Rajan Kohulan, Zielesny Achim, Steinbeck Christoph
Institute for Inorganic and Analytical Chemistry, Friedrich Schiller University Jena, Lessingstr. 8, 07743, Jena, Germany.
Institute for Bioinformatics and Chemoinformatics, Westphalian University of Applied Sciences, August-Schmidt-Ring 10, 45665, Recklinghausen, Germany.
J Cheminform. 2024 Dec 27;16(1):146. doi: 10.1186/s13321-024-00941-x.
Naming chemical compounds systematically is a complex task governed by a set of rules established by the International Union of Pure and Applied Chemistry (IUPAC).
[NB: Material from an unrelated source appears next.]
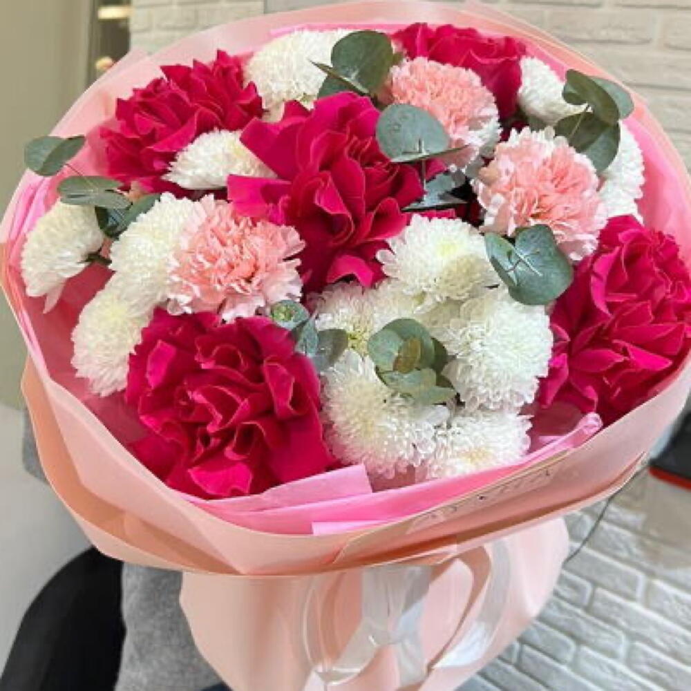 Хризантема кустовая - 5 шт. Гвоздика - 3 шт. Голландская роза - 5 шт. Эвкалипт Микс - 2 шт.

These rules are universal and widely accepted by chemists worldwide, but their complexity makes it challenging for individuals to consistently apply them accurately. A translation method can be employed to address this challenge. Accurate translation of chemical compounds from SMILES notation into their corresponding IUPAC names is crucial, as it can significantly streamline the laborious process of naming chemical structures. Here, we present STOUT (SMILES-TO-IUPAC-name translator) V2, which addresses this challenge by introducing a transformer-based model that translates string representations of chemical structures into IUPAC names. Trained on a dataset of nearly 1 billion SMILES strings and their corresponding IUPAC names, STOUT V2 demonstrates exceptional accuracy in generating IUPAC names, even for complex chemical structures. The model's ability to capture intricate patterns and relationships within chemical structures enables it to generate precise and standardised IUPAC names. While established deterministic algorithms remain the gold standard for systematic chemical naming, our work, enabled by access to OpenEye's Lexichem software through an academic license, demonstrates the potential of neural approaches to complement existing tools in chemical nomenclature.Scientific contribution STOUT V2, built upon transformer-based models, is a significant advancement from our previous work. The web application enhances its accessibility and utility. By making the model and source code fully open and well-documented, we aim to promote unrestricted use and encourage further development.
系统地命名化合物是一项复杂的任务,由国际纯粹与应用化学联合会(IUPAC)制定的一套规则所支配。这些规则具有普遍性,被全球化学家广泛接受,但其复杂性使得个人难以始终准确地应用它们。可以采用一种翻译方法来应对这一挑战。将化合物从SMILES符号准确翻译为其相应的IUPAC名称至关重要,因为这可以显著简化命名化学结构的繁琐过程。在此,我们展示了STOUT(SMILES到IUPAC名称翻译器)V2,它通过引入基于Transformer的模型来应对这一挑战,该模型将化学结构的字符串表示转换为IUPAC名称。在一个包含近10亿个SMILES字符串及其相应IUPAC名称的数据集上进行训练后,STOUT V2在生成IUPAC名称方面表现出卓越的准确性,即使对于复杂的化学结构也是如此。该模型捕捉化学结构中复杂模式和关系的能力使其能够生成精确且标准化的IUPAC名称。虽然既定的确定性算法仍然是系统化学命名的黄金标准,但我们通过学术许可访问OpenEye的Lexichem软件所开展的工作,展示了神经方法在补充化学命名现有工具方面的潜力。科学贡献:基于Transformer模型构建的STOUT V2是我们先前工作的重大进展。该网络应用程序提高了其可访问性和实用性。通过使模型和源代码完全开放并提供详细文档,我们旨在促进无限制使用并鼓励进一步开发。